(These events occured during the Prohibition Era.)
"What kind of meat is this?" Maurice asked, helping himself to the beef pot roast.
"Pot roast," I (his daughter Carol) answered.
"What was that we had at the Center this noon?"
"I'm sure that was pot roast too. It was so tender, that was a very good dinner, wasn't it?"
"Yes, it was," he said, spooning cream corn on his plate. "What was that vegetable
they had with it?"
"Mashed potatoes and gravy. And broccoli"
"I knew it was something green." He helped himself to the salad.
"I was amused when all the old-timers began telling us how good poke salad is. They
were astonished we'd never eaten it, until we said we were from California."
(Maurice reminices now.)
I remember when I was a boy we'd just moved into town (Newhall), into a big, beautiful
house with a big yard around it. There were big weeds growing out in the back yard, with red
berries on them. Mother (Josefa Perea Rodriguez) said they were good to eat if you baked them
and poured off the water, but my dad (Carlos Rodriguez) said, "Don't you dare eat them.
That's nightshade and they're poison!"
After a few weeks, Mother told me to cut out those weeds and burn them so we could have a
garden. So I got the hoe and was hoeing them out. There were some other tall weeds in there,
too, and I was hoeing all of them out when the next-door neighbor came over to the fence to
talk to me. He was a middle-aged man, and a bootlegger.
He said, "What are you going to do with that marijuana?"
"What marijuana?" I asked. I had heard the name, but didn't know much about it.
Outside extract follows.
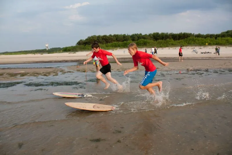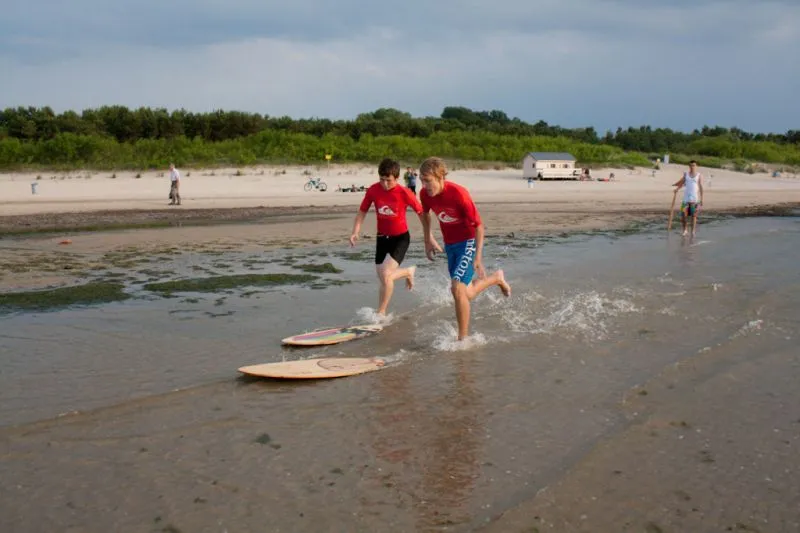 i szeroka świnoujska plaża, polecane są przez instruktorów jako najbezpieczniejsze miejsce do nauki kitesurfingu i skimboaqrdu. Natomiast bliskość innych spotów umożliwia kontynuowanie nauki w przypadku zmiany warunków pogodowych tzn. kierunku czy siły wiatru.

"Those weeds you've cut down in that pile there," he said, pointing to the pile of weeds.
"I'm going to take them into the back lot and let them dry, then burn them," I said.
"I'll carry them out for you," he offered. "Just leave them there, or better yet,
throw them over the fence here, and I'll get rid of them for you."
Being a kid, it never occured to me to wonder why he was being so helpful. I just saw a chance
to get out of some work, so I raked them up and threw them over the fence. They had such a
sickening sweet smell.
The next day they were standing up on their stems, in bunches, leaning all along the fence.
They stayed there about three days until they were dry. Then I saw him carry the stems to the back
lot. He put them down on the rubbish pile and burned them. The stems were all bare, the leaves were gone.
A few months later, the police came down there and arrested him, taking him to jail. Jim
(Kindred) was courting my sister then, and the bootlegger shook his fist at Jim and said,
"I'll get you for this."
(Carol asks if Jim was on the police force then. Maurice replies "yes" while spooning strawberries
over his ice cream.)
There was another bootlegger in town. The Government men worked with the police Chief and Jim
helped get to the bootlegger's house. The G-men told Jim to carry a shotgun. Jim wanted to use
a pistol but the Chief said to do what the G-men said, the bootlegger would probably fire at them.
The bootlegger came to the door, slammed it, and ran out the back. The G-men were beyond the
back fence. Jim and the Chief ran around the house. The bootlegger, climbing the fence, turned
and shot and Jim who was holding a flashlight on him. Jim fired back and the G-men got the bootlegger.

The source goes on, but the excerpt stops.